На мертвых стенах живут плакаты, призывающие строить, работать, восстанавливать. Выклеены газеты и афиши. Много афиш кино, театров, клубов...

Он знал, казалось бы, все, что его ждет в Берлине. Он читал, слушал радио, встречал приезжих, видел снимки в газетах, смотрел киножурналы. Знал все – и не знал ничего. Нигде не прочтешь о том, как пахнут давно остывшие и все еще не убранные пожарища, – кисловато, горько, тоскливо пахнут. Никто не объяснит, как страшно узнавать среди руин знакомый дом или подъезд. Должно быть, похоже на то, когда в груде изуродованных трупов вдруг узнаешь близкого человека по искаженным очертаниям мертвого лица или по обрывкам знакомой одежды.

На тесной площади тополь. Вокруг развалины, пустые закопченные глазницы выгоревших домов и тусклые окна, подслеповатые от картона, от фанеры. А тополь стоит, уцелел. Уцелел от слепых бомб, пощадили и зрячие люди, мерзнувшие в нетопленных квартирах. И щадят еще осенние ветры; только начал желтеть. Живой тополь – зеленый факел негаснущей жизни. Щемяще грустная радость встречи.

Тополь высится на Карлсплац
Средь руин берлинских на виду.
Каждый рад, пересекая Карлсплац,
Видеть дерево в цвету.
А зимой сорок шестого
Люди мерзли без угля и дров.
И подряд срубали все деревья,
Чтобы обогреть свой кров.
Только тополь там стоит на Карлсплац,
Шелестя зеленою листвой,
Я благодарю вас, люди с Карлсплац,
Что он с нами здесь, живой47.

Первая запись в дневнике Брехта в эти дни:

«Я был обрадован, когда уже на следующий день после моего возвращения в Берлин, в город, откуда началась чудовищная война, я смог присутствовать на собрании интеллигенции, посвященном защите мира. Глядя на страшные опустошения, я испытываю только одно желание: как только могу, содействовать, чтоб земле достался, наконец, мир. Без мира она станет непригодной для жизни».

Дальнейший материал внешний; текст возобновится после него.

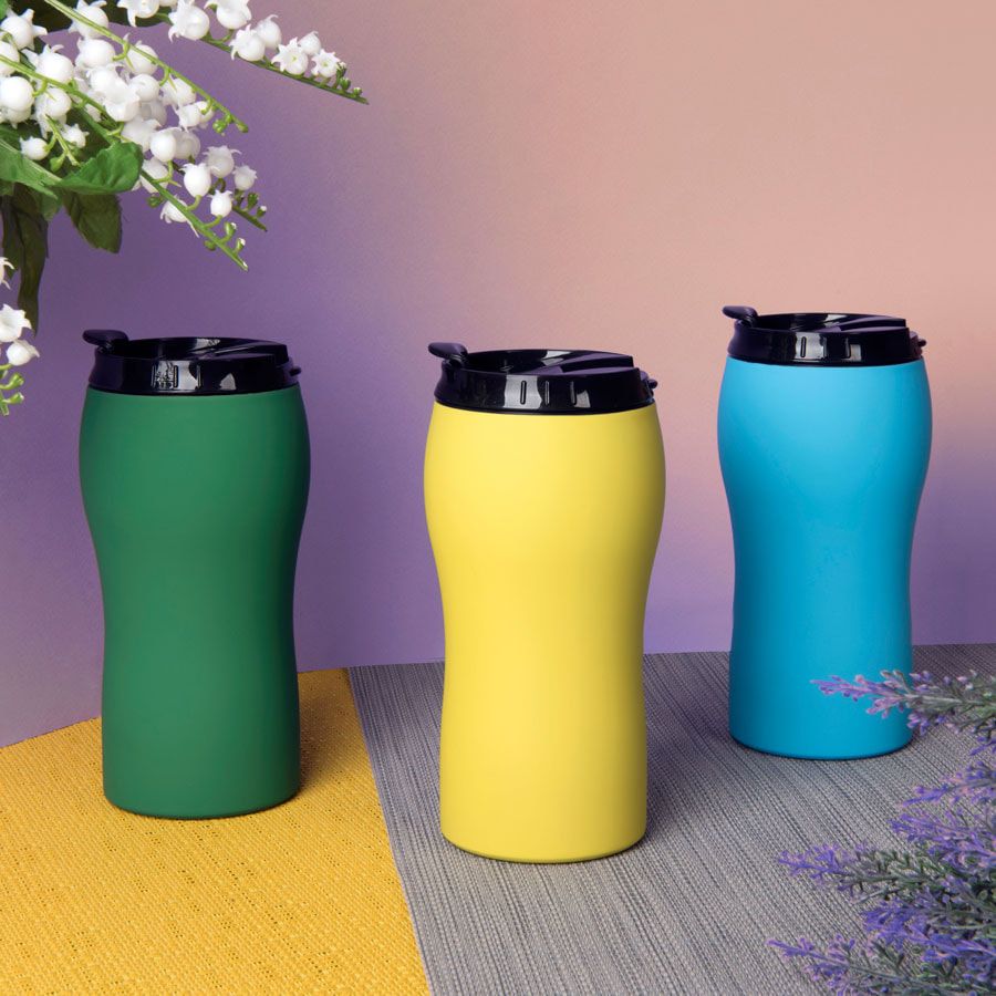 Вакуумная термокружка с покрытием софт тач. Гравировка открывается серебром. Кружка упакована в картонную коробку. Держит температуру напитков: горячие - до 6 часов, холодные - до 12 часов.
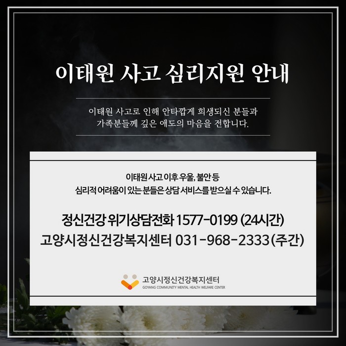 사고 목격자, 간접적인 영향으로 심리적 어려움이 있는 시민은 정신건강 위기상담전화(☎1577-0199) 또는 고양시정신건강복지센터(☎031-968-2333)로 연락하면 상담 서비스를 이용할 수 있다.
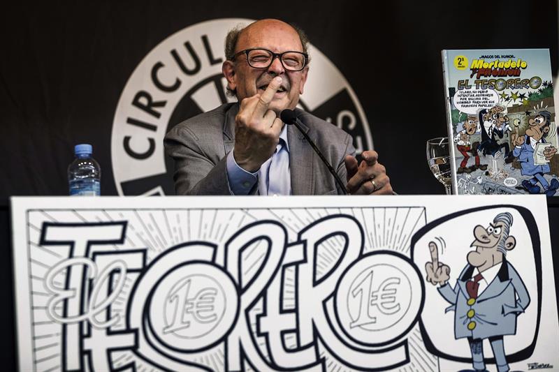 Durante la presentación de la criatura, en el Círculo de Bellas Artes, Ibáñez habla deprisa y feliz. El tesorero sale a la venta este miércoles, y este martes ya tiene una tirada acumulada de 50.000 ejemplares. "No había visto en mi vida una reedición antes de que se publicara un álbum mío", dice. En el cómic se cuelan las preferentes, los individuos que se enriquecieron a costa de la política, el trato de favor a determinadas empresas, nombres y personajes ficticios que recuerdan a los de la vida real –Rojoy o Rubacalva, por ejemplo-.

Через несколько дней в клубе Культурбунда торжественно чествуют Брехта. За банкетным столом он сидит между Вильгельмом Пиком и представителем советского командования полковником Тюльпановым; слушает речи, обращенные к нему. Впервые он в таком положении: публично расхваливают, превозносят. Пик заметил, что Брехту не по себе, подмигивает, шепчет заговорщически:

– Небось привычней, когда ругают, на комплименты отвечать труднее.

Брехт тоже шепотом:

– Не думал, что придется слушать некрологи самому себе и речи над своим гробом. Ужасно быть мишенью стольких высокопарных пошлостей.

– Вы злюка, они же от чистого сердца говорят.

– Не сомневаюсь, только хорошо бы находить для наших чистых сердец более разумные слова. Ведь этот товарищ выхваливает меня, как неопытный коммивояжер, который продает сомнительный товар.

Пик тихо смеется в салфетку.

– Ладно, послушаем, какие вы разумные слова найдете, а ведь отвечать надо...

Когда Брехту предоставляют слово, он встает, молча, приветливо и смущенно улыбается, потом крепко благодарно пожимает руку Пику – руководителю немецких коммунистов, поворачивается и так же крепко и благодарно жмет руку советского офицера. Снова улыбается всем и молча садится. Ему хлопают, но кто-то внятно шепчет:

– Был и остался актером.

Пик с трудом удерживается от смеха.

– Ох, и хитрый же вы, Брехт! Не сказали ни слова и поэтому кажетесь вдвое умнее, чем все говоруны...

* * *

Он привез с собой из Швейцарии подробные режиссерские разработки к «Мамаше Кураж». Елена Вайгель уже несколько месяцев упорно работает над ролью. Целыми днями идут репетиции. Оформление изготовляется по эскизам Тео Отто, который был художником самой первой постановки «Мамаши Кураж» в Цюрихе.

Рядом с Брехтом снова старый товарищ Эрих Эн-гель, участник первого триумфа «Трехгрошовой оперы».

Среди неубранных развалин, среди первых новостроек Берлина, размозженного войной, раскроенного границами оккупационных зон, где противостоят друг другу разные государства, разные общественные порядки, иногда разделенные только улицей, Брехт создает спектакль, в котором люди и события трехсотлетней давности становятся злободневней свежей газеты.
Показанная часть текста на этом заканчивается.